(Dataset excerpts)
──────────────────────────────
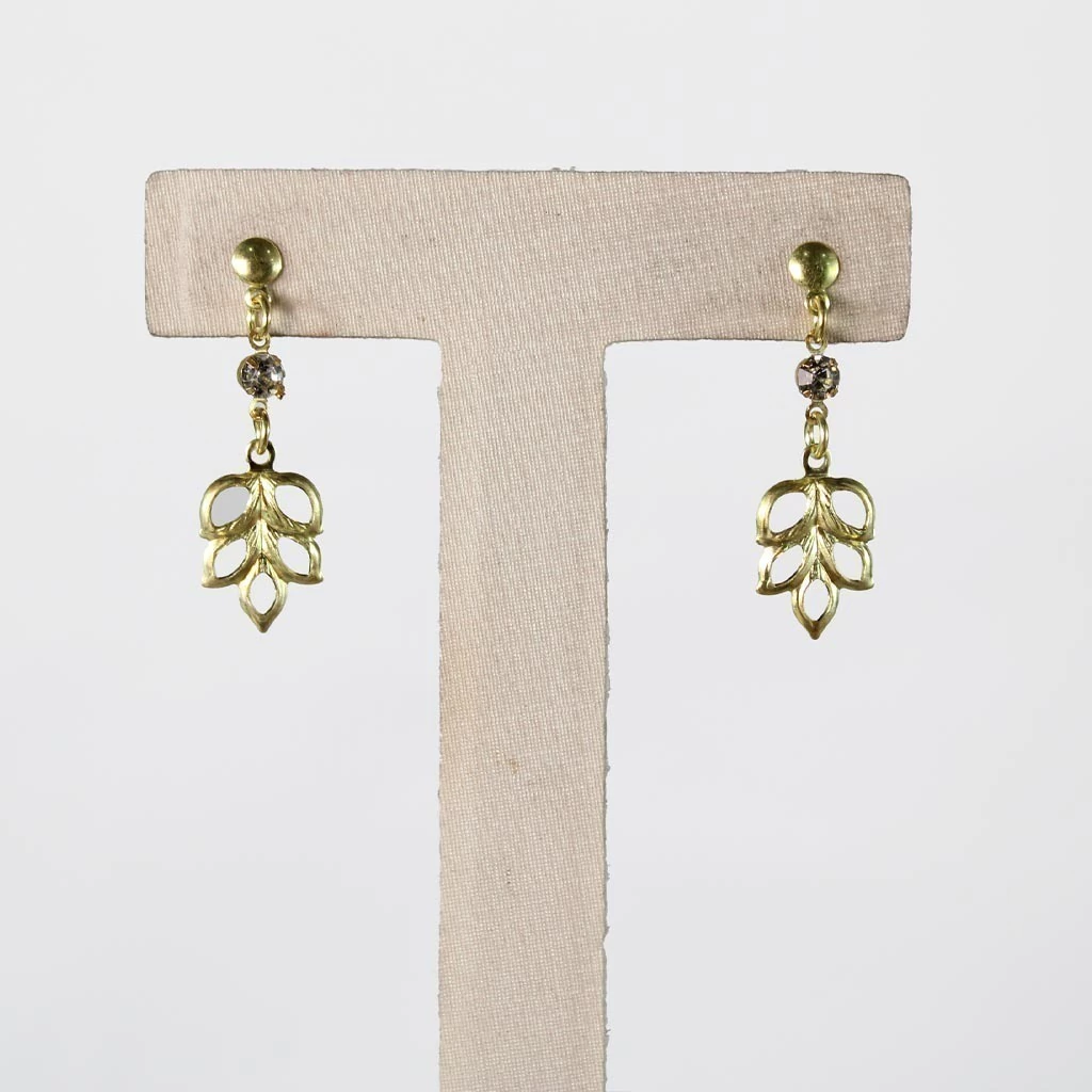 Brinco Ramo de Folhas e Strass - O brinco perfeito para revenda que vai encantar seus clientes! Com um design sofisticado em formato de ramo de folhas, este brinco é adornado com strass que traz um brilho especial, ideal para qualquer ocasião.
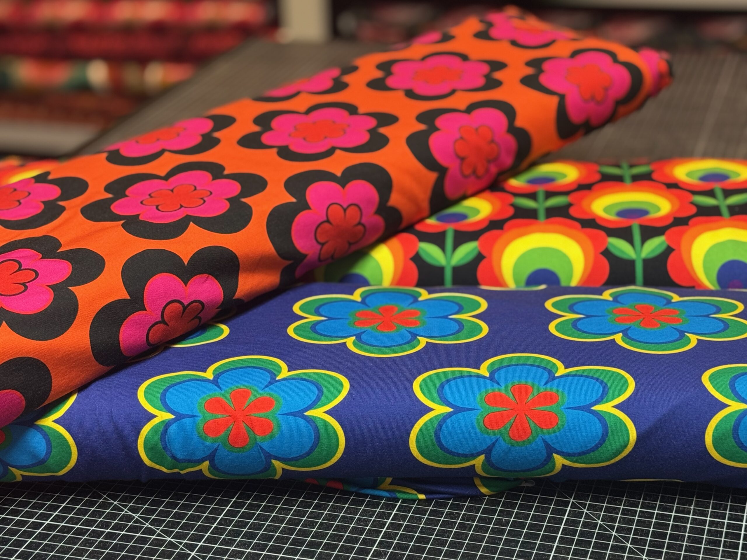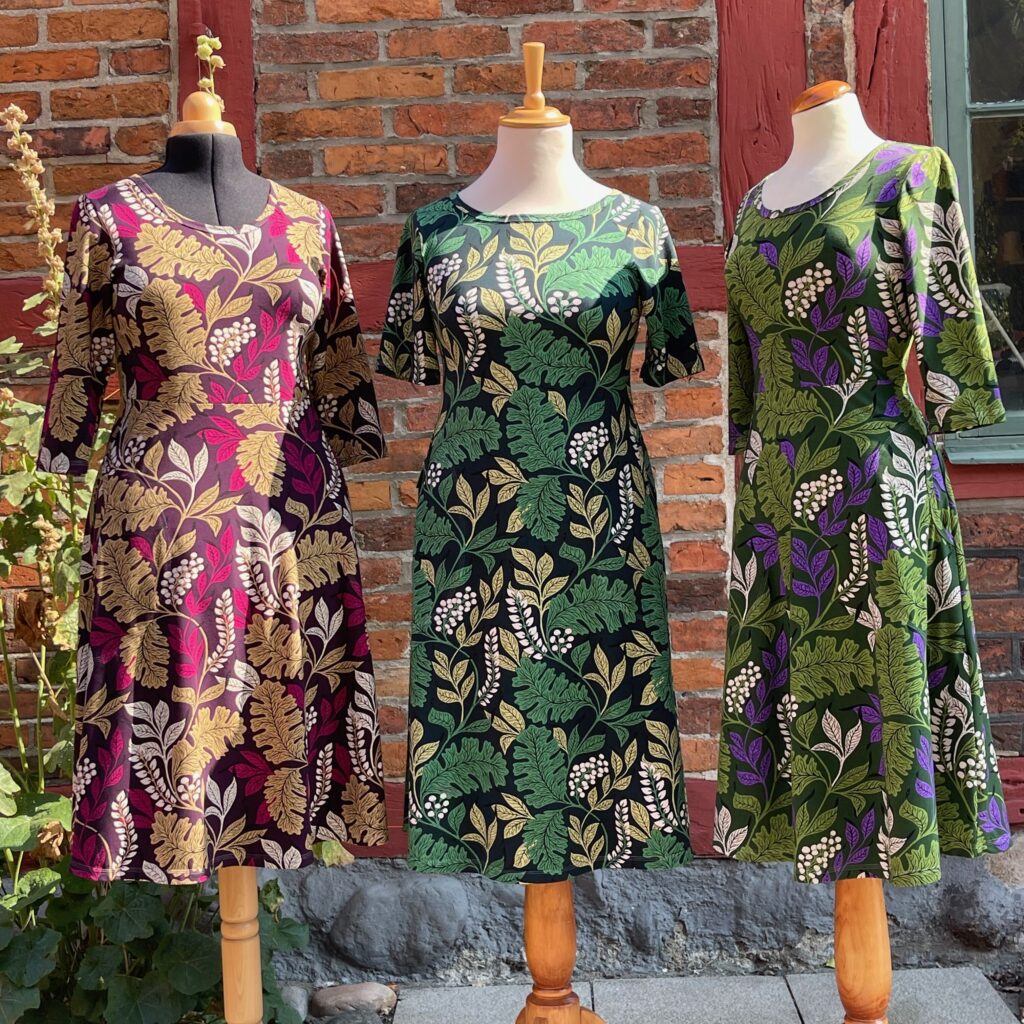 Vi har mängder med färgglada mönstrade tyger (och en del mer klassiska) i vår ateljé i Ystad. Har du möjlighet så boka gärna en tid med oss för konsultation. Vi kan även sy upp plagg av kundens eget tyg förutsatt att det kvalitetsmässigt fungerar till våra plagg.
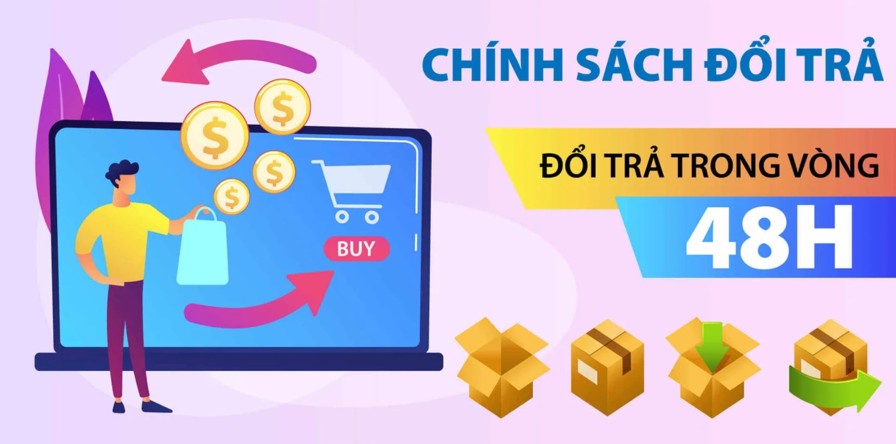 Tiến hành đổi và trả hàng trong 7 ngày kể từ thời điểm giao hàng thành công
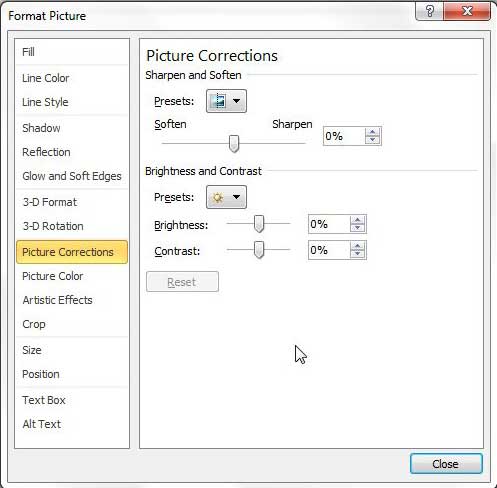 这个动作开启了新的设置图片格式窗口左侧包含许多不同的图像编辑菜单。
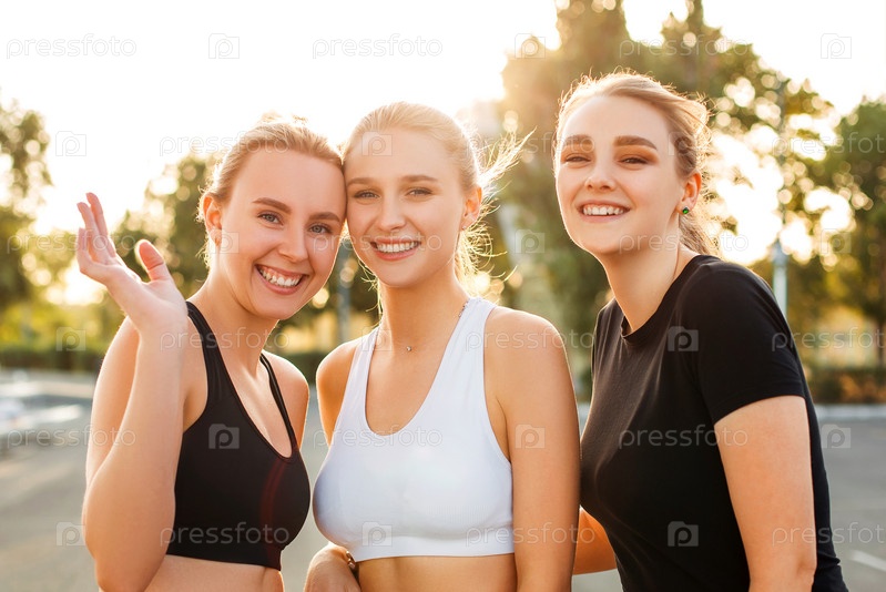 Молодая спортсменка со свежим напитком стоит рядом с друзьями
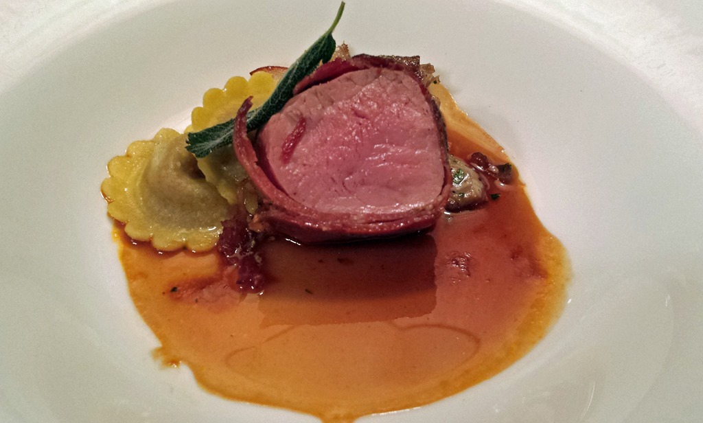 Veal Shenandoah: Local Prosciutto Wrapped Loin of Veal with Country Ham and Fontina Cheese Ravioli.
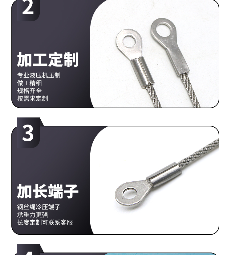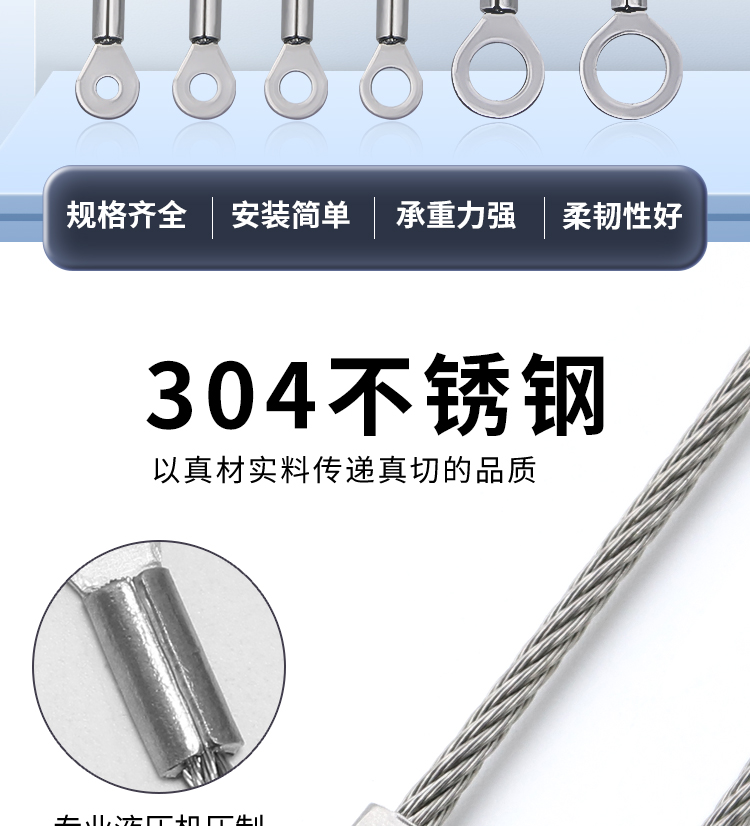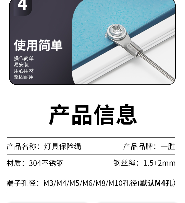 不锈钢眼式鱼眼端子安全防护绳承重钢丝保险绳设备灯具防坠落绳
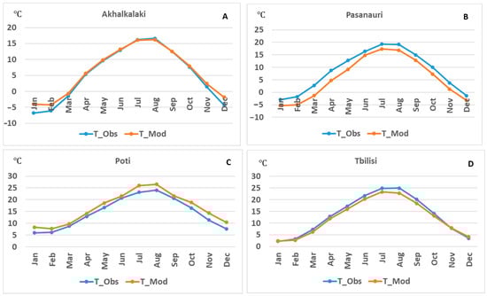 From Figure 4, it is clear that the course of observational and model data is identical, which is expressed in very high values of correlation coefficients; however, model temperature values do not always coincide or are close to the observational material, and they often differ by several degrees. In addition, in one case, the observational data exceed the model data, and in the other case, on the contrary, the model data exceed the observational data. In particular, according to Figure 4, at the Akhalkalaki and Poti stations, the model data exceed the observational data, and at the Pasanauri and Tbilisi stations, the observational data exceed the model data. Moreover, the difference between them sometimes exceeds several degrees.
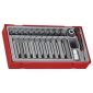 TTTHQ62 – 62 Piece T-Handle Socket And Bits Set New design T handle bits driver. Regular 6 point 1/4 drive sockets and TX-E sockets. Includes accessories and 25mm regular bits covering all the most commonly used sizes in one set. Supplied in the unique Teng Tools TC tray for use on its own or as part of the Teng Tools tool control system.
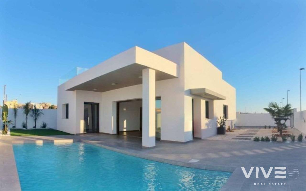 Modern New Build Villas for Sale in Rafal: Costa Blanca Living with Style and Comfort Contemporary Villas in a Charming Spanish Village Discover these exceptional new build villas located on the outskirts of Rafal, a traditional and picturesque town in the heart of the Costa Blanca. Rafal offers a peaceful lifestyle surrounded by orchards, local shops, cafés and friendly neighbourhoods, while still providing excellent access to major amenities. The town is just 30 km from Alicante and its international airport, and only a short drive from beautiful Mediterranean beaches and top golf courses. Premium Villas Designed for Modern Living Each villa is set on a generous plot of more than 370 m², offering ample outdoor space, privacy and comfort. These single level homes feature 3 spacious bedrooms and 2 modern bathrooms, perfectly designed for both family life and holiday living. The expansive outdoor area includes a private swimming pool of 7 x 3.5 m, over 100 m² of open terrace, and a 15 m² covered porch ideal for relaxing in the shade. Buyers also have the option to add a rooftop solarium and storage room at an additional cost, creating even more space to enjoy the Mediterranean climate and panoramic views. High Quality Construction and Energy Efficiency These villas are built to exceptional standards with premium materials and advanced energy saving features. Highlights include Windows by Schüco for maximum insulation and durability Motorised shutters Photovoltaic solar panels for reduced energy consumption Automatic garden irrigation system Motorised vehicle access gate Heated bathroom floors Every detail is designed to provide comfort, efficiency and a stylish contemporary finish. Ideal Location Close to Beaches, Golf and Services Rafal’s strategic location allows easy access to key points of interest Beaches of Guardamar del Segura 9 km Golf courses La Finca and Vistabella 10 km City of Orihuela 7 km Alicante International Airport 30 km Torrevieja 20 km The town itself offers supermarkets, restaurants, schools, medical services and sports facilities, making it a perfect year round residential destination. Enjoy Tranquility, Sun and Mediterranean Life These new build villas in Rafal provide an exceptional opportunity to enjoy a peaceful lifestyle with all modern comforts, a private pool and excellent connectivity to the best of the Costa Blanca at an unbeatable price. Contact us today to secure your new villa in Rafal and start living the Mediterranean life you deserve.
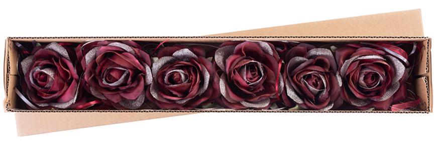 Vianočná dekorácia MagicHome ruža so stonkou dotvorí čarokrásnu atmosféru Vianoc vo vašom domove. Farba je bordová. Veľkosť kvetu je 10 cm a dĺžka kvetu je 18 cm.Balenie obsahuje 6 kusov.
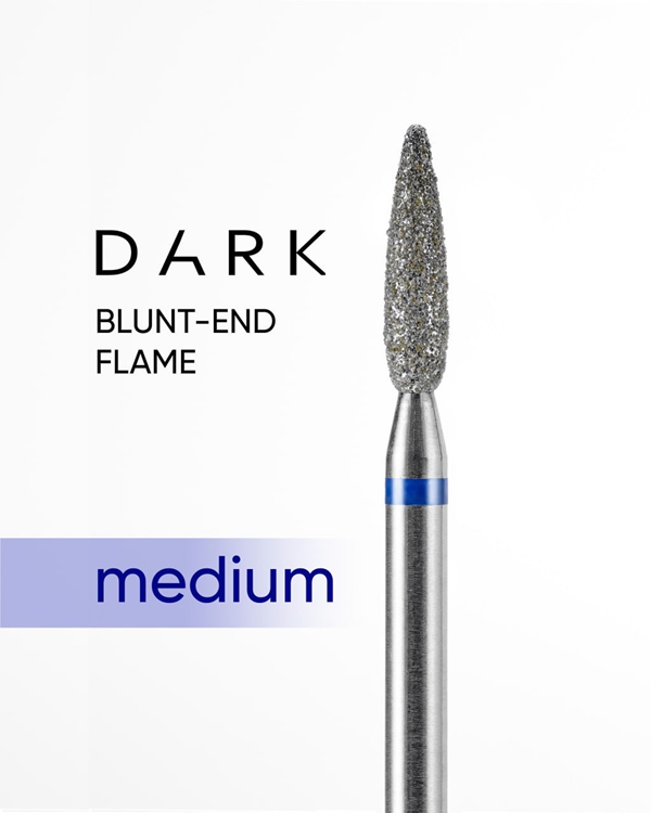 DARK Frez Płomień niebieski 2,4×10 mm to frez o kształcie płomienia z zaokrągloną, nieostrą końcówką, przeznaczony do pracy przy skórkach oraz wale okołopaznokciowym. Niebieskie oznaczenie wskazuje na średnią gradację.
──────────────────────────────
= Activity =
What you give back should be exactly the lines from the top of the data above down to and including the line with "不锈钢眼式鱼眼端子安全防护绳承重钢丝保险绳设备灯具防坠落绳", minus any pictures.

= Written response =
 Brinco Ramo de Folhas e Strass - O brinco perfeito para revenda que vai encantar seus clientes! Com um design sofisticado em formato de ramo de folhas, este brinco é adornado com strass que traz um brilho especial, ideal para qualquer ocasião.
 Vi har mängder med färgglada mönstrade tyger (och en del mer klassiska) i vår ateljé i Ystad. Har du möjlighet så boka gärna en tid med oss för konsultation. Vi kan även sy upp plagg av kundens eget tyg förutsatt att det kvalitetsmässigt fungerar till våra plagg.
 Tiến hành đổi và trả hàng trong 7 ngày kể từ thời điểm giao hàng thành công
 这个动作开启了新的设置图片格式窗口左侧包含许多不同的图像编辑菜单。
 Молодая спортсменка со свежим напитком стоит рядом с друзьями
 Veal Shenandoah: Local Prosciutto Wrapped Loin of Veal with Country Ham and Fontina Cheese Ravioli.
 不锈钢眼式鱼眼端子安全防护绳承重钢丝保险绳设备灯具防坠落绳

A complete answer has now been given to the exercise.